- Sire: Sovereign Dancer
- Grandsire: Northern Dancer
- Dam: Primevere
- Damsire: Irish River
- Sex: Stallion
- Foaled: 1987
- Country: United States
- Colour: Bay
- Breeder: Ecurie Skymarc Farm
- Owner: Ecurie Skymarc Farm
- Trainer: François Boutin
- Record: 15: 6-3-4
- Earnings: $875,427

Major wins
- Prix Matchem (1990) Prix Jean Prat (1990) Prix Jacques Le Marois (1990) Prix du Moulin (1991)

= Priolo (horse) =

American-bred Thoroughbred racehorse

Priolo (foaled March 17, 1987 in the United States) was a French Thoroughbred racehorse. He was bred and raced by Chryss Goulandris' Ecurie Skymarc Farm. In 1990 he won two Group One races and ran second to Saumarez in the Grand Prix de Paris. Sent to Belmont Park in the United States, he was third behind winner Royal Academy and runner-up, Itsallgreektome in the 1990 Breeders' Cup Mile.

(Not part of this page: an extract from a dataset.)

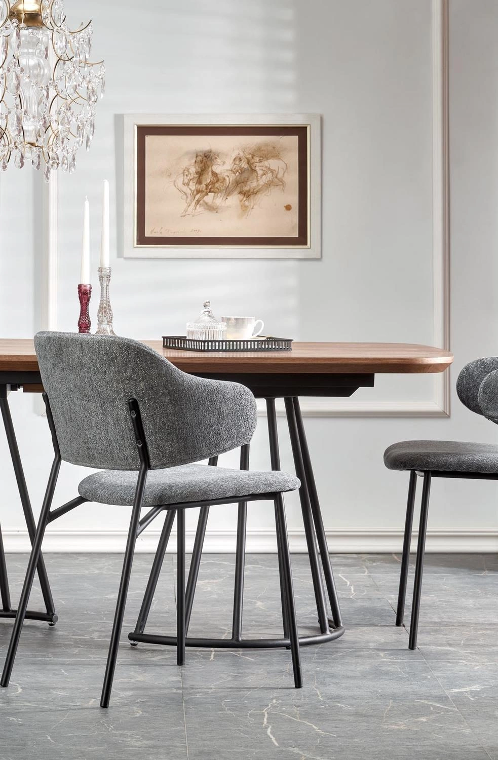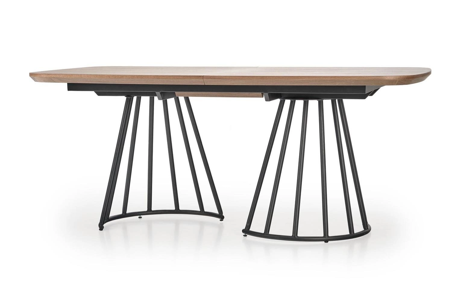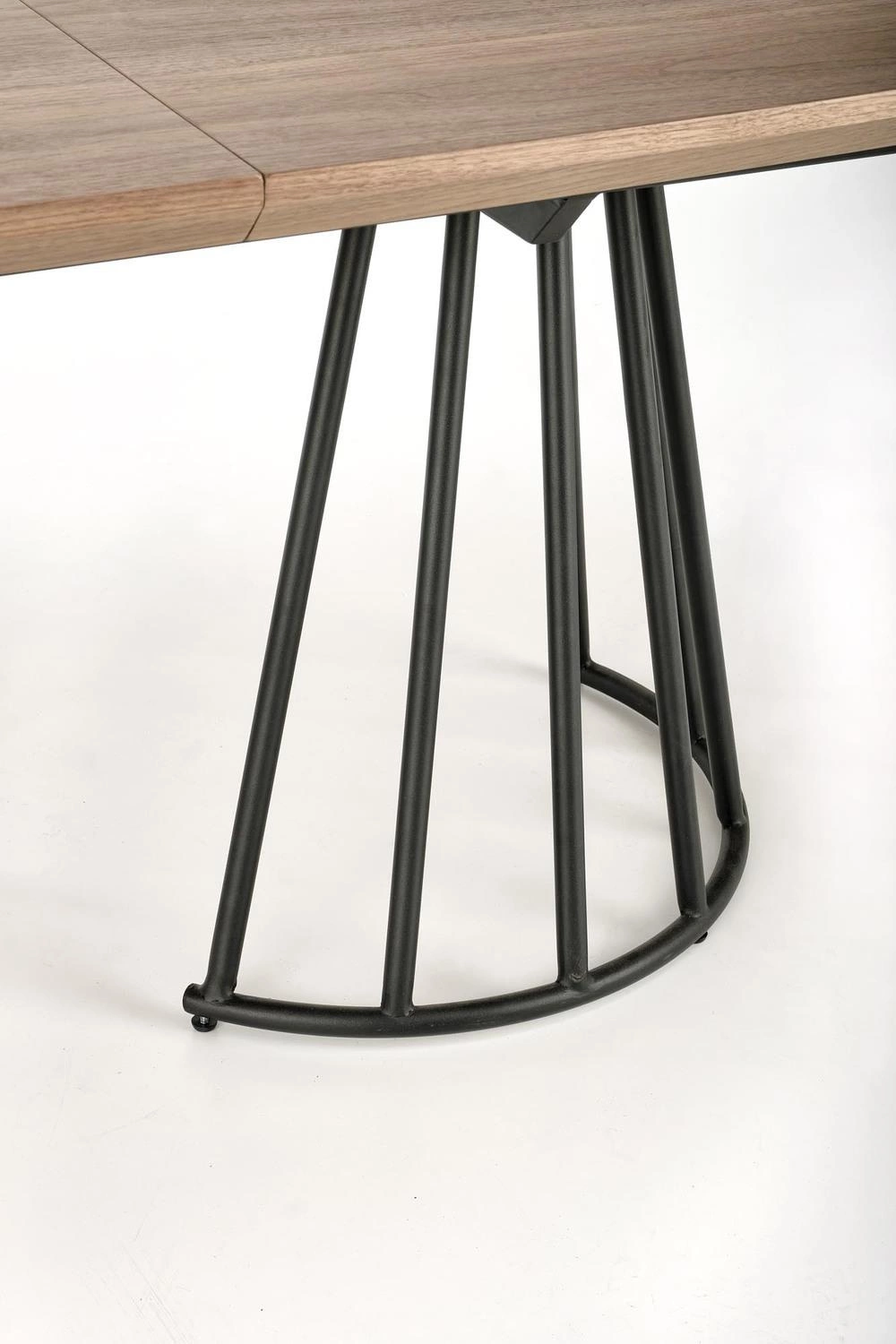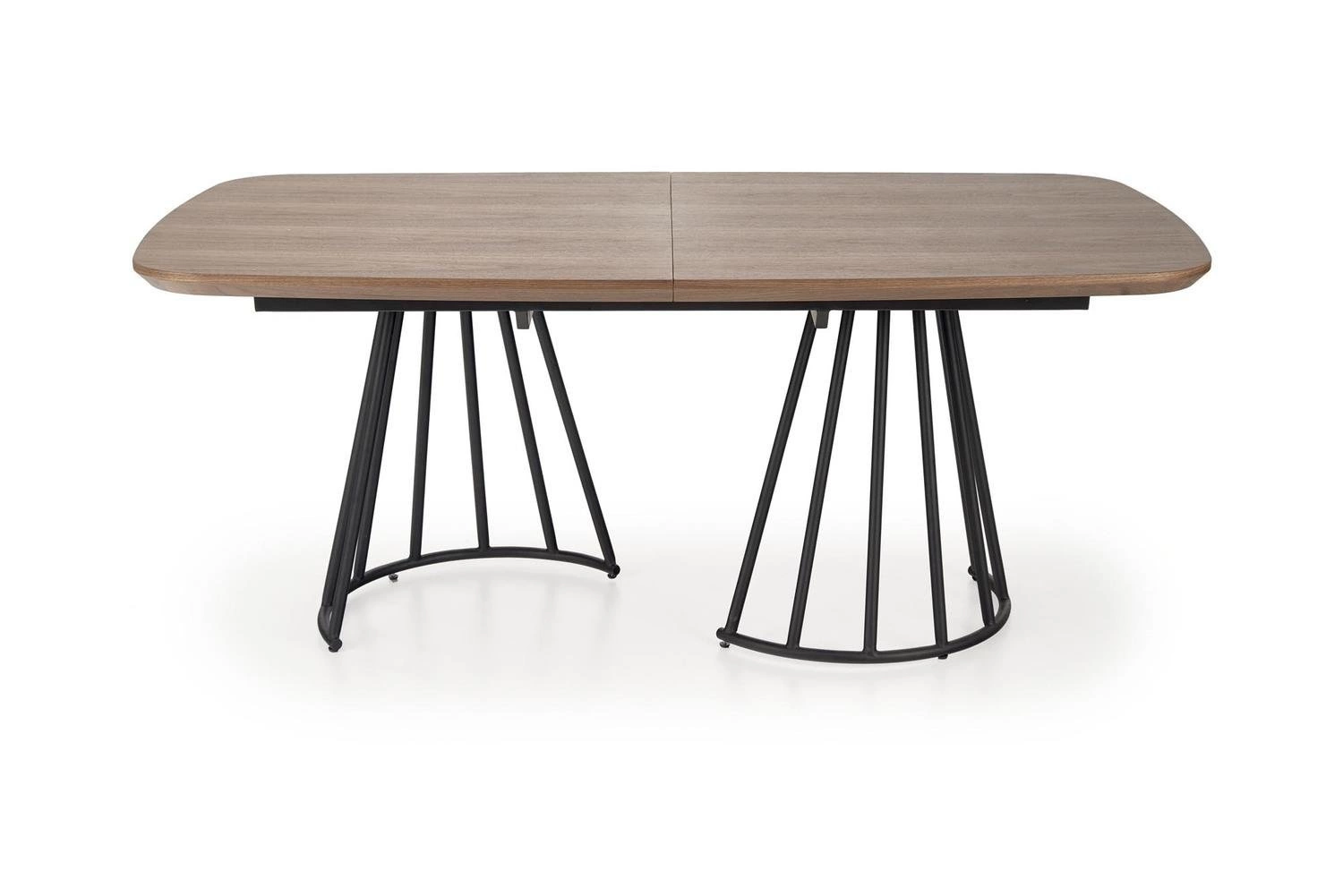 Ten rozkładany stół to idealne połączenie funkcjonalności i stylu. Jego orzechowy blat wykonany z trwałej płyty MDF wraz z naturalną okleiną dodaje mu eleganckiego wyglądu, który będzie pasował do każdego wnętrza. Metalowe nogi w charakterystycznej wachlarzowej formie nie tylko wyglądają stylowo, ale także są stabilne i wytrzymałe, co zapewni Ci długie lata użytkowania.

In 1991, Priolo won his third Group One event, capturing the Prix du Moulin de Longchamp.

Retired from racing, in December 1991, Priolo was sent to stand at stud in Ireland. The best of his progeny included Sendawar, Priory Belle, Mirio (Grand Prix de Saint-Cloud), Brilliance (Prix Saint-Alary) and Tigertail (Prix Minerve).